#include <REGX52.h> unsigned char i; float x; void main() { x=0; for(i=1;i<=30;i++) {x+=1.3;} }
This should ideally produce an output of x=39.
But in debugger the value is shown as x=38.999999. What could be the issue?
You can never precisely express decimal 1.3 in binary.
That's not true. You can represent anything in binary, but you might not be able to do so directly.
Even my very old Casio calculator could cope with 1.3; it was just necessary to do so as a fraction. As far as I know, those calculators used a traditional 4 bit processor.
How can I represent 1.3 as a fraction? Or is there any other workaround?

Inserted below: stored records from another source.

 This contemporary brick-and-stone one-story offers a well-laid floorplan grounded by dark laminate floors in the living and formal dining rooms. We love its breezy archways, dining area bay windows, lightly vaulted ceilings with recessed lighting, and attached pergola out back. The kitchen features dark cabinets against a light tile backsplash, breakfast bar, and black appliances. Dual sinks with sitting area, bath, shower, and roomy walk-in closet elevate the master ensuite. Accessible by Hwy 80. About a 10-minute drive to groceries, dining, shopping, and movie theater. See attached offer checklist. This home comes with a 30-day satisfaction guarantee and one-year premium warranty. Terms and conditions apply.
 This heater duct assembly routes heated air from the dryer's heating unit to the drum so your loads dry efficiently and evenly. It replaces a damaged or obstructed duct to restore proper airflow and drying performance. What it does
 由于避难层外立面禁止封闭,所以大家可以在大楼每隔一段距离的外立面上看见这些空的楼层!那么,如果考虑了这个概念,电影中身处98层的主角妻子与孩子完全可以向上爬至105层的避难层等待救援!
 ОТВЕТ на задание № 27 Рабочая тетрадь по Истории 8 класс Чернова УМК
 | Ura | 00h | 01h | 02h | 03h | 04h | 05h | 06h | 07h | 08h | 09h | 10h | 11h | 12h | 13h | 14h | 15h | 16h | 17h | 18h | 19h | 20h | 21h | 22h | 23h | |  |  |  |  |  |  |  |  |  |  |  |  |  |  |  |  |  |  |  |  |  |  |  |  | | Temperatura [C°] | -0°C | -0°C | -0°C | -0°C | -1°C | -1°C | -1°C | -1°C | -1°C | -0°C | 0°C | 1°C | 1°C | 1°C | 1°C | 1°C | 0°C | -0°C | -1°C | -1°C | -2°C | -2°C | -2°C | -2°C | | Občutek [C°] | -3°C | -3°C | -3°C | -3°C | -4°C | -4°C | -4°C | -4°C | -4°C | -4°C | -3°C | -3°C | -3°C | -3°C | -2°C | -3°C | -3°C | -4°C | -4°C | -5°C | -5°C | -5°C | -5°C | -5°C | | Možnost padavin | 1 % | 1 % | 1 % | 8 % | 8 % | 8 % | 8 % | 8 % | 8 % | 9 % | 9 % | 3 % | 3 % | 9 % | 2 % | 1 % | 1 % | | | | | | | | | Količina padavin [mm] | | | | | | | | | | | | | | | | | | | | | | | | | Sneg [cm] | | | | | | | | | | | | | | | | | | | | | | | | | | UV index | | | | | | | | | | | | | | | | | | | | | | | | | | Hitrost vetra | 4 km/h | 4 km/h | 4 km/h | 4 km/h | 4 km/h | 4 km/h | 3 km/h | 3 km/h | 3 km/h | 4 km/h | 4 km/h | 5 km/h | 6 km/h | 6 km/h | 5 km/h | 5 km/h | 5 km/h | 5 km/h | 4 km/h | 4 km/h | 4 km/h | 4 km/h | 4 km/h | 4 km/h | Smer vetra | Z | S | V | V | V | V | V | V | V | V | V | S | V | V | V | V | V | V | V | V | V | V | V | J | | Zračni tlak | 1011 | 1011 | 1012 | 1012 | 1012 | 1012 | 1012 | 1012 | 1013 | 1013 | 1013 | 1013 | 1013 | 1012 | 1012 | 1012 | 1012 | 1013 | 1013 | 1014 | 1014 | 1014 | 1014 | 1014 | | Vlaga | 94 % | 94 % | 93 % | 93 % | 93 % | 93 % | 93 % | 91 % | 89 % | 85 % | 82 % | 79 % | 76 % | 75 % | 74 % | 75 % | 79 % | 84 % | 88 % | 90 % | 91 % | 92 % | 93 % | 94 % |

"How can I represent 1.3 as a fraction?"
Quite basic math. 13/10.
So suddenly you can do the add.
13 13 13 13 13 390 39 == + == + == + == + == ... = === = == = 39 10 10 10 10 10 10 1
Lots of math problems requires the use of symbolic manipulation because numerical methods will produce very problematic intermediate results.
In the end, this isn't something you can expect to solve by a short debate in this forum.
Precision, resolution, numerical stability, cancellation,... are a significant part of several courses at the university. A 10 minute answer on a forum isn't enough to make you a great programmer - you need to invest a huge amount of own time too. So start by getting some books on numerical methods etc.
I guess this is why the librarty en.wikipedia.org/.../C_mathematical_functions includes round()
No, the round() function has more general use.
But this is why the normal printf() function tries to print floating point numbers with less number of value digits than the full number of bits in the float mantissa can represent - the last bits of the mantissa are often garbage.
It's just that cancellation errors and numerical stability of formulas will affect how many of the least significant bits that are garbage so printf() can't know how many "safe" digits that remains in the floating point number.
Not even with double or extended precision floating point arithmetic will it be possible to guarantee a fixed number of "safe" digits if a too numerically unstable formula has been used. Bad cancellation can throw away all value digits in a single step.